On the front page of Saturday’s Gazette is a note that, for that issue, the paper went out of its way to speak to women wherever possible. In some cases, the subject is clearly a man and that’s that. But there are many others where you need a quote from an expert, a doctor, a member of a certain group. It could be anyone, really. For one day, reporters decided that one person should be a woman. Even if they didn’t say much, even if what they said was the exact same thing the man next to them would have said, they had a voice for one day. That man could wait until tomorrow.

One vs. 14

Bradley was right about another thing: Far too much attention was (and is) focused on the killer, and far too little on the lives of the 14 women who died that day. Bradley implicates the media, but the truth is mere practicality.

Sadly, the best thing that man could do that day to keep his name alive was to kill as many women as possible. Everyone remembers Anastasia De Sousa, because she was the only victim to die during the 2006 Dawson shooting. But few people remember all 14 names of the victims of Polytechnique, because it’s a long list to memorize. The killer’s name, meanwhile, had only 10 letters.

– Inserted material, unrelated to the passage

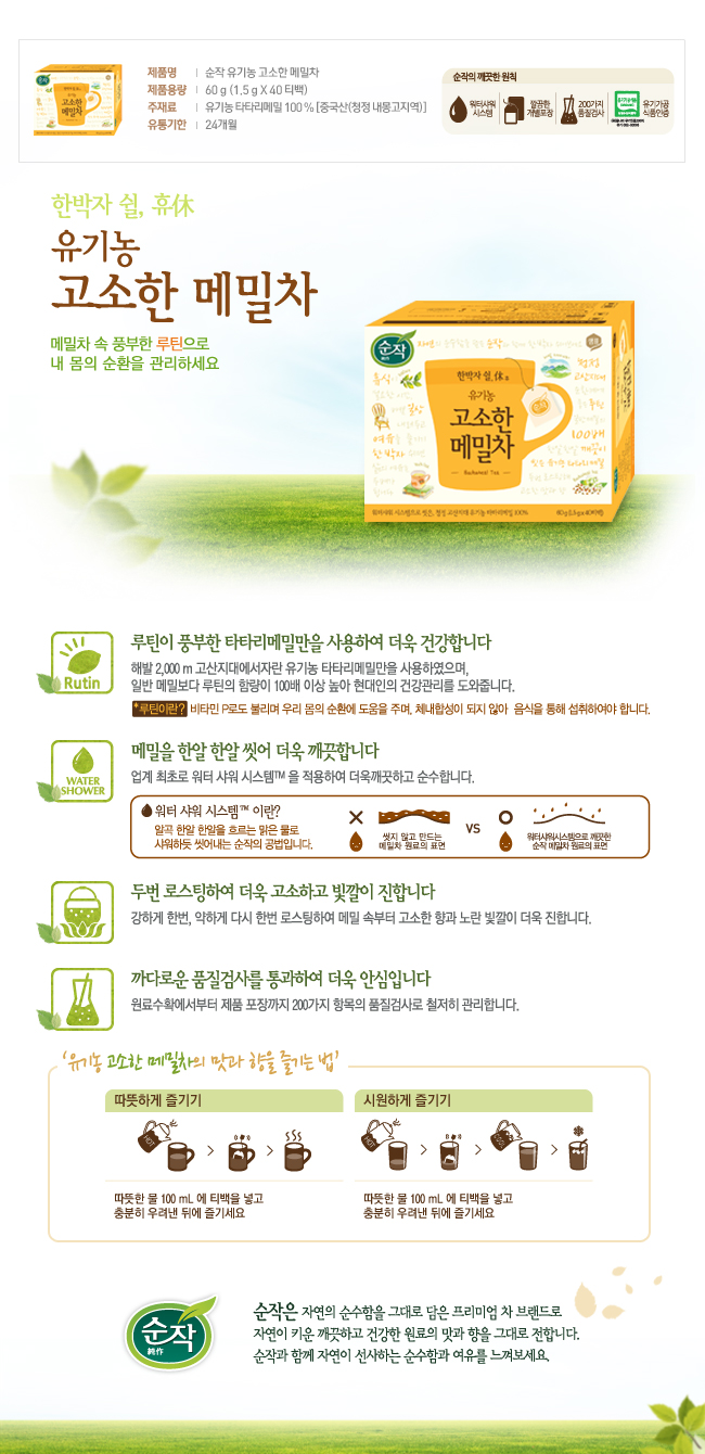 샘표 순작 유기농 고소한메밀차 (1.5g*40티백)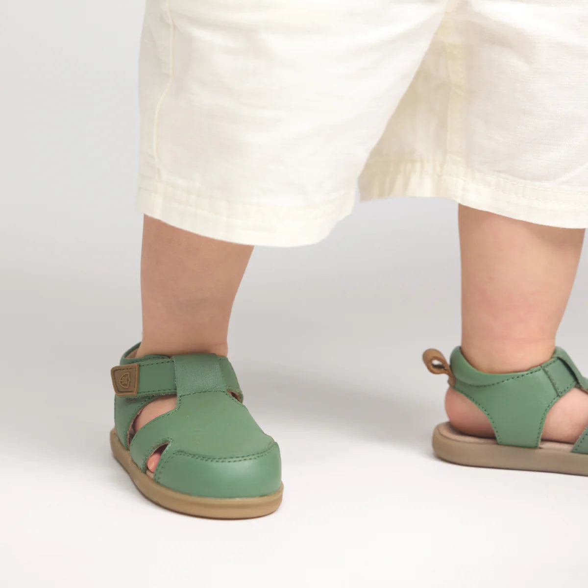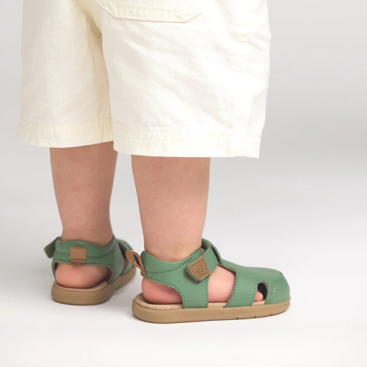 Perfect for everyday wear, Eli is a closed-toe, podiatrist-approved sandal with an adjustable Velcro top strap and contrast feature detailing. The padded footbed pairs with a flexible, custom-designed rubber outsole, making it ideal for growing feet.

At work tonight, I saw a coworker cut out the names of those 14 women, which are on the cover of Sunday’s Gazette. She said she makes it a point to leave them in her car on the anniversary each year to remember them:

Geneviève Bergeron, Hélène Colgan, Nathalie Croteau, Barbara Daigneault, Barbara Maria Klucznik, Maryse Leclair, Annie St. Arneault, Maud Haviernick, Michèle Richard, Maryse Laganière, Anne-Marie Edward, Anne-Marie Lemay, Sonia Pelletier and Annie Turcotte. (CBC has their biographies)

Maybe their deaths were senseless. Maybe they were political. Maybe both. All we know is that they deserved a better fate than to be mere items on a list, and to be less famous than the man who took their lives.

Blame the media for that if you like, but it’s a simple numbers game. It’s human nature. And I don’t know how to fix it.